In this lesson we formalized concept generation and trade-off studies as a multi-criteria optimization problem over a finite set of candidate robot designs. We defined design variables, constraints, multi-objective cost functions, normalization procedures, and scalar utilities. Pareto optimality provides a principled way to identify non-dominated concepts, while weighted sums allow designers to encode preferences and rank concepts algorithmically. Practical implementations in Python, C++, Java, and MATLAB/Simulink demonstrate how these ideas integrate into engineering workflows. These tools will be used throughout later design stages, including co-design and prototyping cycles.

13. References

  1. Zadeh, L. A. (1963). Optimality and non-scalar-valued performance criteria. IEEE Transactions on Automatic Control, 8(1), 59–60.
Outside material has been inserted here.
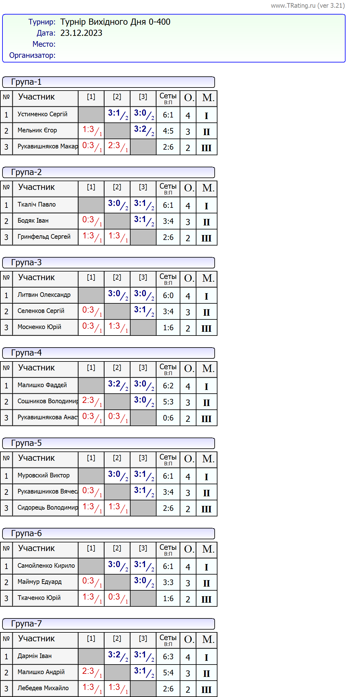 Результати турніру “Вихідного дня 0-400” за 23.12.2023

  2. Haimes, Y. Y., Lasdon, L. S., & Wismer, D. A. (1971). On a bicriterion formulation of the problems of integrated system identification and system optimization. IEEE Transactions on Systems, Man, and Cybernetics, 1(3), 296–297.
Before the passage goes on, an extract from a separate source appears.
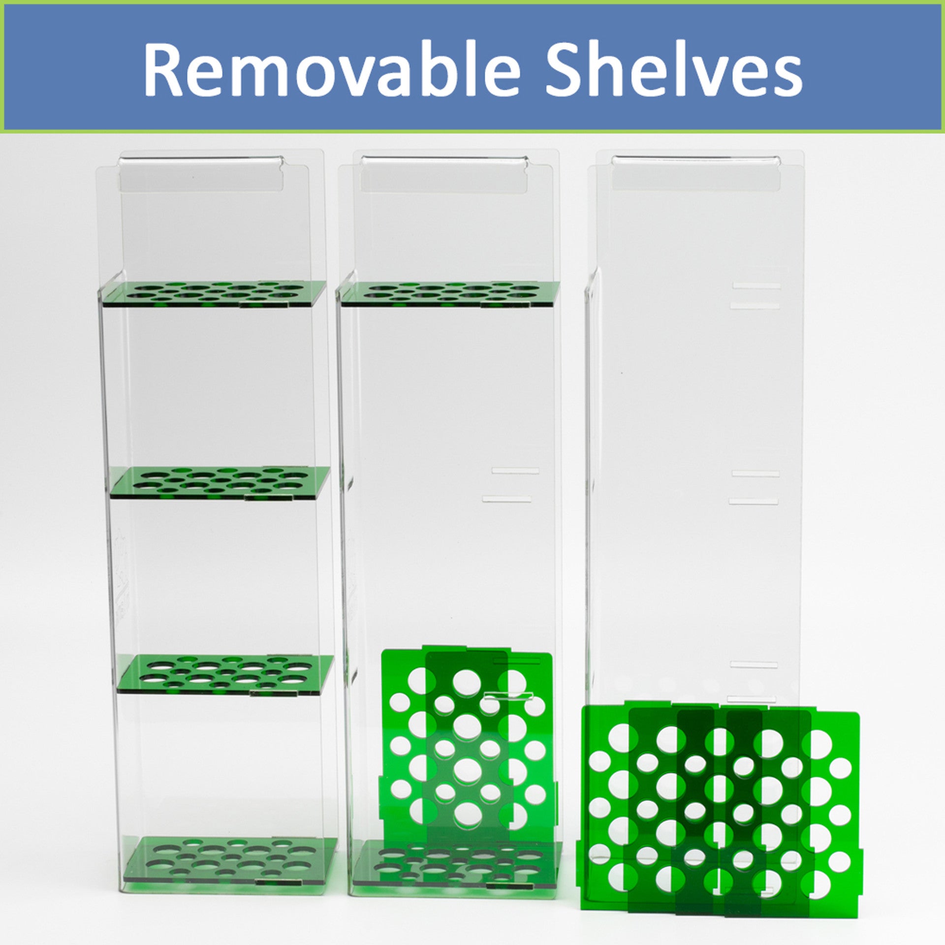 - Features a bent hanging bracket and a 4 shelf design. All shelves are removable

  3. Steuer, R. E. (1977). Multiple criteria optimization: Theory, computation, and application. Naval Research Logistics Quarterly, 24(1), 1–22.
  4. Osyczka, A. (1985). Multicriteria optimization for engineering design. Design Optimization, 1(2), 193–227.
  5. Deb, K., Pratap, A., Agarwal, S., & Meyarivan, T. (2002). A fast and elitist multiobjective genetic algorithm: NSGA-II. IEEE Transactions on Evolutionary Computation, 6(2), 182–197.
  6. Papalambros, P. Y., & Wilde, D. J. (1988). A global criterion method for multiobjective optimization of engineering systems. Journal of Optimization Theory and Applications, 55(3), 479–499.
  7. Marler, R. T., & Arora, J. S. (2004). Survey of multi-objective optimization methods for engineering. Structural and Multidisciplinary Optimization, 26(6), 369–395.
  8. Janson, L., & Papalambros, P. Y. (2014). A scalable method for multiobjective optimization in engineering design. Journal of Mechanical Design, 136(8), 081401.